* **Work order**
A faithful copy is required of the lines from the top of the entries through the line that contains "A: The rug showcases", both included, with no pictures.
--- Extracted entries ---
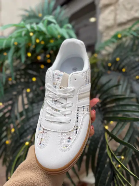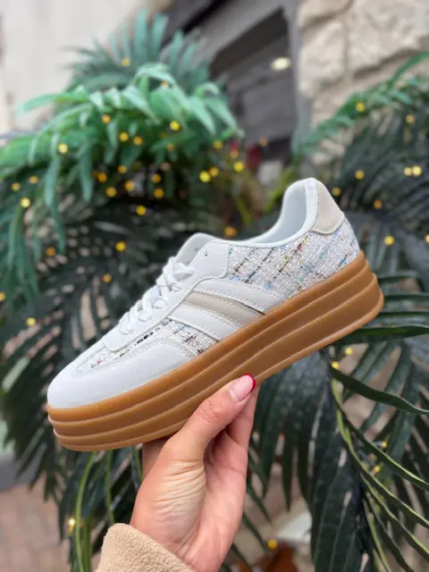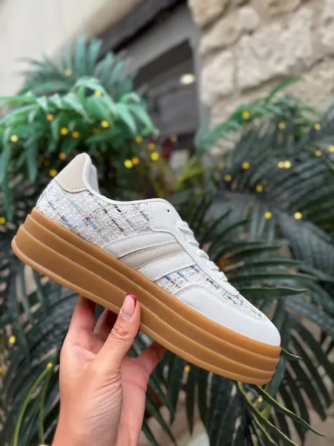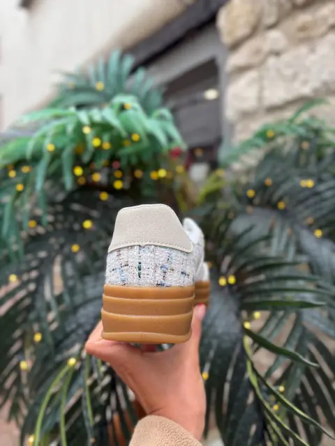 The trainer style we all know and love in our boutique now with a chic little tweed style twist. Elevate your look with these trainers. Platform gum sole for a little bit of extra height.
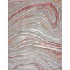 A: The rug showcases a luxurious marble pattern with a contemporary and abstract design.
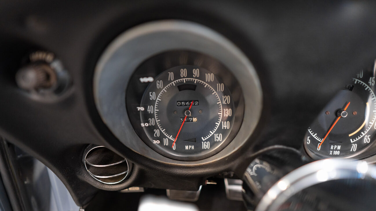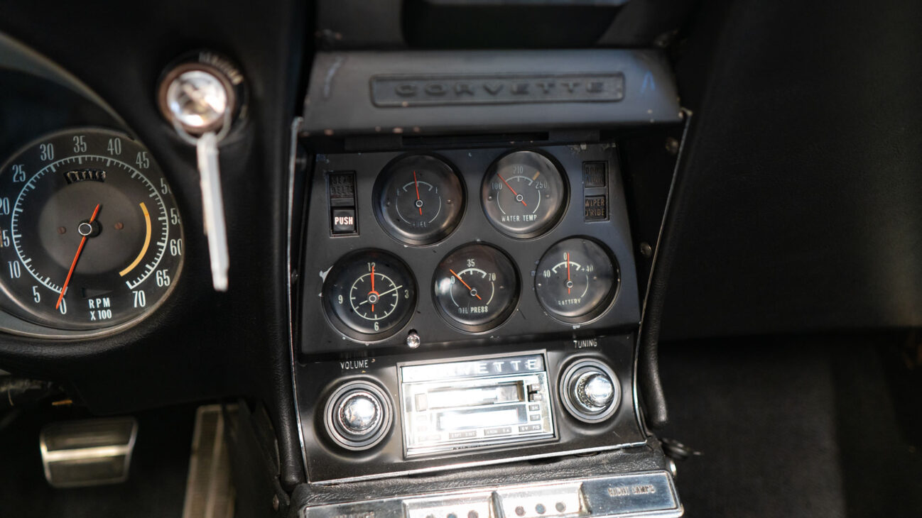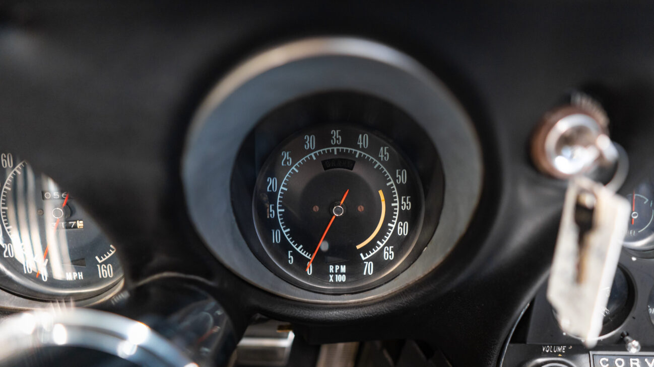 The cabin of the first C3 blends a cockpit-like layout with the elegance of the sixties. Twin gauge pods in front of the driver, the typical vertical arrangement of auxiliary gauges, and the low seating position create the atmosphere of a true racing machine.
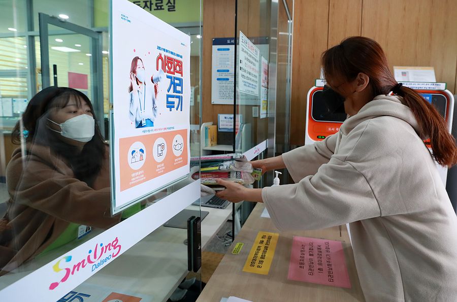 People borrow books in a library in Daegu, South Korea, March 24, 2020. (Newsis/Handout via Xinhua)
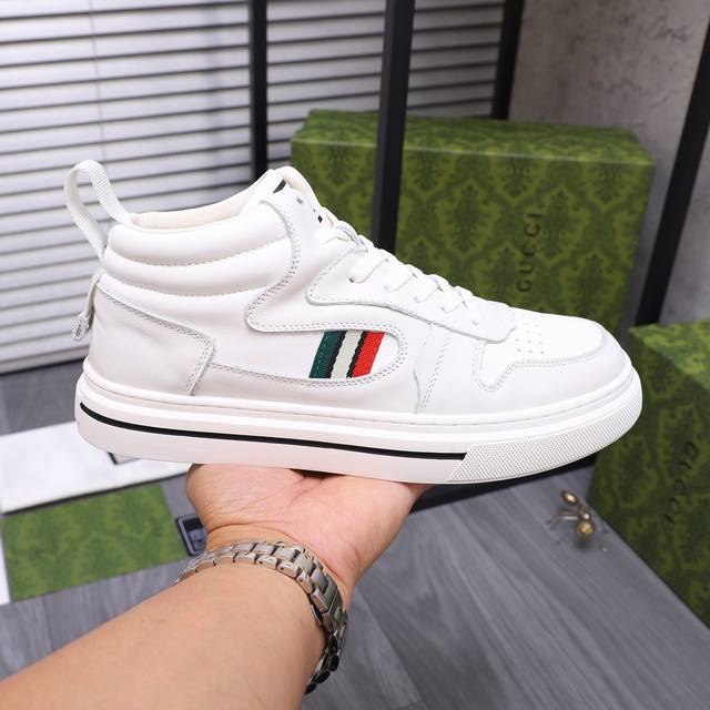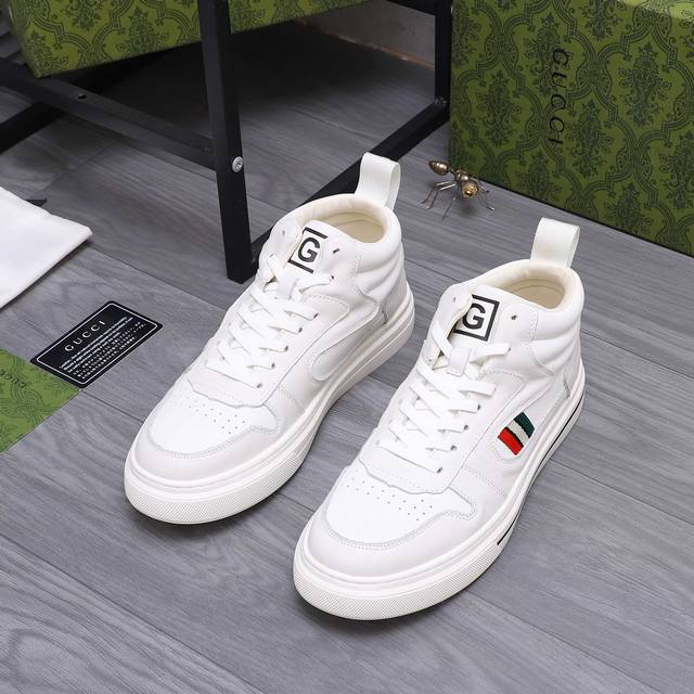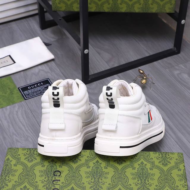 商品商标:Gucci 古驰 休闲高帮系带男鞋 Ddd 正码码数: 38-44 Ddd 商品材料:精选牛皮拼接鞋面 透气网内里 牛皮鞋垫 橡胶大底 DDD
---
* **Solution below**
 The trainer style we all know and love in our boutique now with a chic little tweed style twist. Elevate your look with these trainers. Platform gum sole for a little bit of extra height.
 A: The rug showcases a luxurious marble pattern with a contemporary and abstract design.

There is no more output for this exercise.